Mas, para além das informações extraídas da Wikipédia, o que a FIFA tem feito pelas mulheres nesses quase 120 anos de existência? 

Foram 26 anos até a primeira Copa do Mundo de Futebol (de homens).  A entidade demorou mais seis décadas para organizar um Mundial de Futebol Feminino. Logicamente que, de 1991 até hoje, houve avanços. Lentos avanços entre alguns períodos de retrocesso, eu diria. Afinal, a FIFA incluiu apenas em 2016 a equidade de gênero em seu regulamento. Mesmo ano em que Fatma Samoura tomou posse como secretária-geral, o que a transformou na primeira mulher a assumir o segundo cargo mais importante da federação internacional – exatos 112 anos após a fundação. Em 2017, as mulheres ocupavam 42% dos cargos de chefia. Esperava-se que essa porcentagem chegasse a 50% em 2019. 

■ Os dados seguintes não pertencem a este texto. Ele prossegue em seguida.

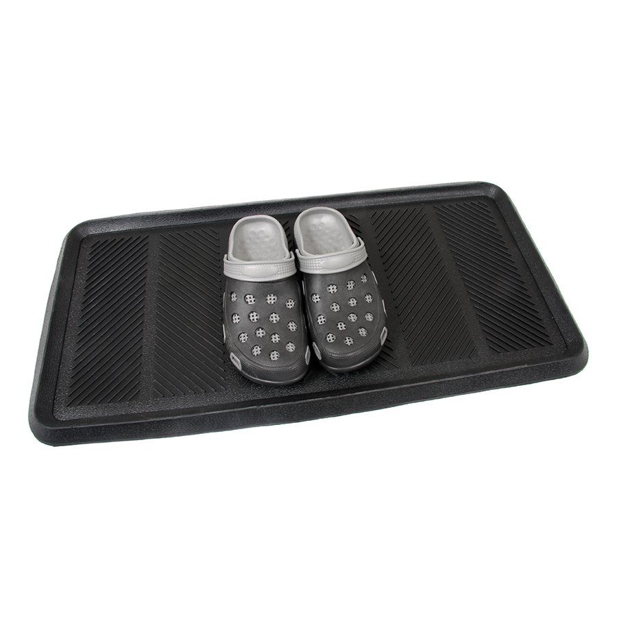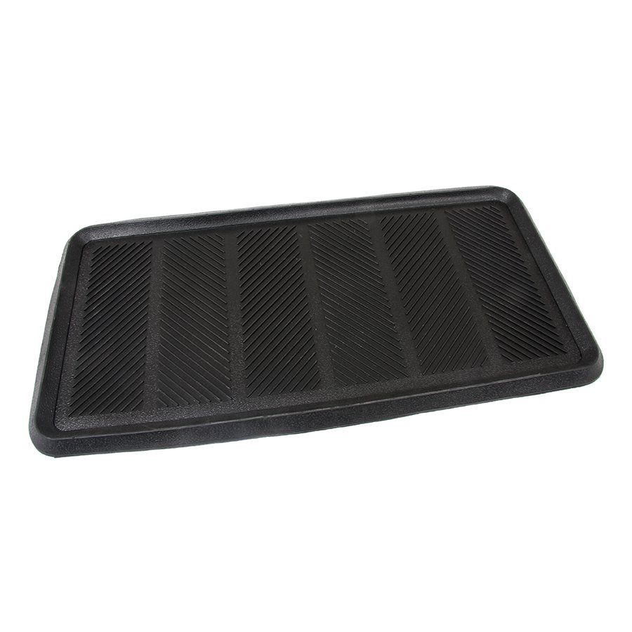Gumový odkapávač na boty FLOMA Lines je praktická a odolná gumová podložka, která slouží k zachytávání vody, sněhu a nečistot z obuvi. Díky zvýšenému okraji zabraňuje úniku vody a chrání podlahy v domácnostech, kancelářích, šatnách i zavazadlových prostorech aut. Design s jemnými liniemi dodává produktu elegantní vzhled a univerzální využití v interiérech i provozech. Kapacita tří párů bot zajišťuje dostatek prostoru i pro vícečlenné domácnosti.

Por outro lado, o Conselho da FIFA, composto por 37 membros, entre presidente, secretária/o-geral, vice-presidentes e membros escolhidas/os pelas seis confederações continentais, tem apresentado dificuldades em aumentar o número de mulheres eleitas para além da cota mínima exigida no regulamento. 

A equidade também está distante dos campeonatos gerenciados pela própria organização. As premiações oferecidas às seleções participantes dos mundiais revelam um abismo entre as modalidades. Nas últimas edições das copas do mundo, Rússia 2018 e França 2019, os valores pagos foram, respectivamente, U$ 400 milhões para as 32 seleções representantes do Futebol Masculino e U$ 30 milhões para 24 participantes do Futebol Feminino. A diferença abissal do montante oferecido às campeãs foi de U$ 34 milhões.

Em ano de Copa do Mundo de Futebol Masculino, a FIFA mais uma vez perdeu a chance de usar de sua projeção como órgão máximo do futebol mundial para a defesa de mulheres. Em junho de 2021, Paola Schietekat Sedas foi estuprada no apartamento em que residia no Catar. A economista mexicana, que trabalhava na organização do megaevento, passou de vítima a ré em poucos meses. Por ser mulçumana, foi enquadrada na Lei Islâmica e condenada pela justiça desse país a cem chibatas e sete anos de prisão. O agressor argumentou que mantinha relações sexuais com Paola, o que serviu para que o estupro fosse considerado um “caso extraconjugal”, portanto, sujeito à penalidade. A justiça desconsiderou como provas as imagens das câmeras de segurança do local e as marcas da agressão deixadas no corpo da vítima. A federação não emitiu nenhuma nota de repúdio sobre o caso. Enquanto isso, muitas mulheres declararam não se sentir seguras para acompanhar os jogos nos estádios durante a copa – para as mulheres trans, os riscos são absurdamente maiores.

Isso nos mostra que o presente contradiz o que Joseph Blatter, ex-presidente da instituição, projetou sobre o futebol ainda em 1995, quando declarou: “o futuro do futebol é feminino”. O futuro revelou não somente o telhado de vidro existente no Conselho da FIFA, mas também a conivência da instituição frente aos abusos cometidos às mulheres no país que sediará um dos maiores eventos esportivos do mundo este ano. Espero apenas que não demore mais trinta, setenta, cem anos para atingirmos a tão esperada equidade de gênero presente no regulamento da FIFA.